[What the task asks]: Could you retype exactly the lines below between the one holding "拆开防水布可以清晰的看到,原" and the one holding "thank you sincerely", inclusive, leaving out any pictures?

[Records to process]:

= Beginning of Section =

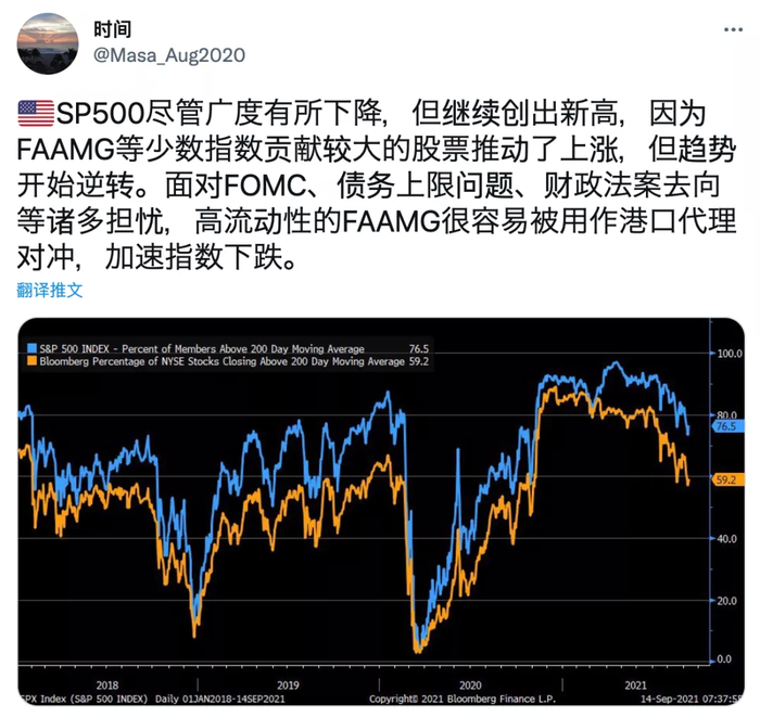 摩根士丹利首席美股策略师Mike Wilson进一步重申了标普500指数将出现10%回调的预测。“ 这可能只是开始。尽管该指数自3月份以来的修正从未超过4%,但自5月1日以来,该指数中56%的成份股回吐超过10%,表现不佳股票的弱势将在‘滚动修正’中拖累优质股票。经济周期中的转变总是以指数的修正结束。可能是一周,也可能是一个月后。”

= End of Section =
= Beginning of Section =

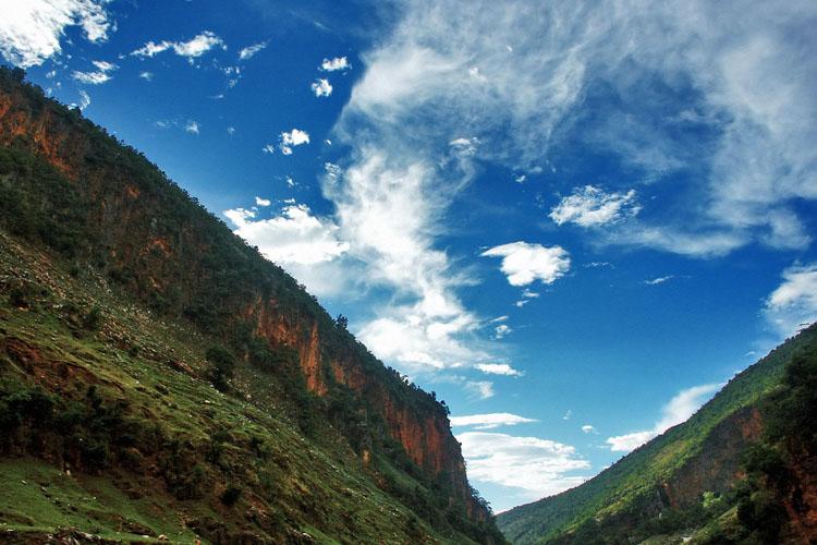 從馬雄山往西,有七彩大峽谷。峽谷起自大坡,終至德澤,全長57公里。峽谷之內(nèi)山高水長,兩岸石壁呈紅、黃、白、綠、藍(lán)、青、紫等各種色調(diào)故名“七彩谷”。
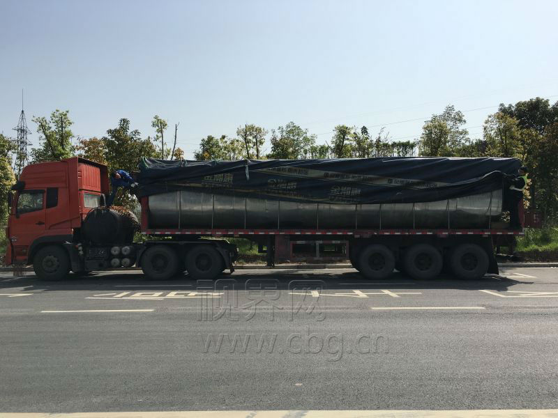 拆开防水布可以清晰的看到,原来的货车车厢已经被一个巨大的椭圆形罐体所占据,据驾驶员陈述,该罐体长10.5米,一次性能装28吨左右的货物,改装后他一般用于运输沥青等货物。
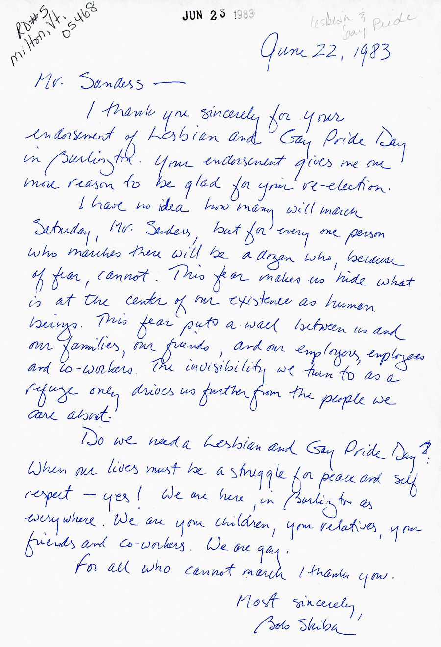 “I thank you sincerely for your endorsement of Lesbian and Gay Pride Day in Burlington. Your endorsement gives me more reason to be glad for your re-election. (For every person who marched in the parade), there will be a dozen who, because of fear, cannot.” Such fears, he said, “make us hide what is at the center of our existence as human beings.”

= End of Section =
= Beginning of Section =

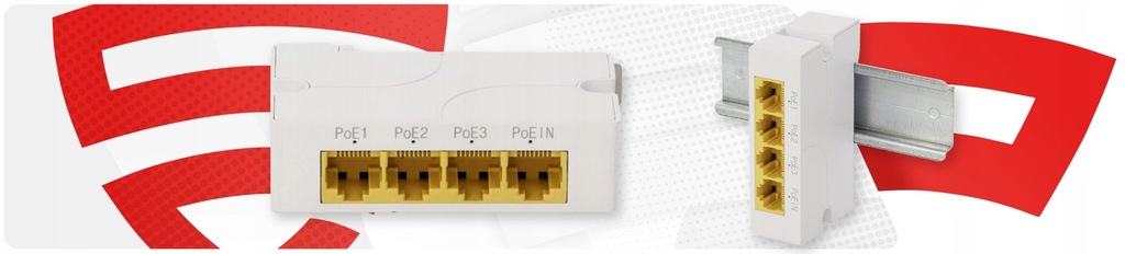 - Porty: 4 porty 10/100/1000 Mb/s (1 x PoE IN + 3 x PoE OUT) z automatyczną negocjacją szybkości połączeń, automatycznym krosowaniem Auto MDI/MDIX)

= End of Section =

[Response]:
 拆开防水布可以清晰的看到,原来的货车车厢已经被一个巨大的椭圆形罐体所占据,据驾驶员陈述,该罐体长10.5米,一次性能装28吨左右的货物,改装后他一般用于运输沥青等货物。
 “I thank you sincerely for your endorsement of Lesbian and Gay Pride Day in Burlington. Your endorsement gives me more reason to be glad for your re-election. (For every person who marched in the parade), there will be a dozen who, because of fear, cannot.” Such fears, he said, “make us hide what is at the center of our existence as human beings.”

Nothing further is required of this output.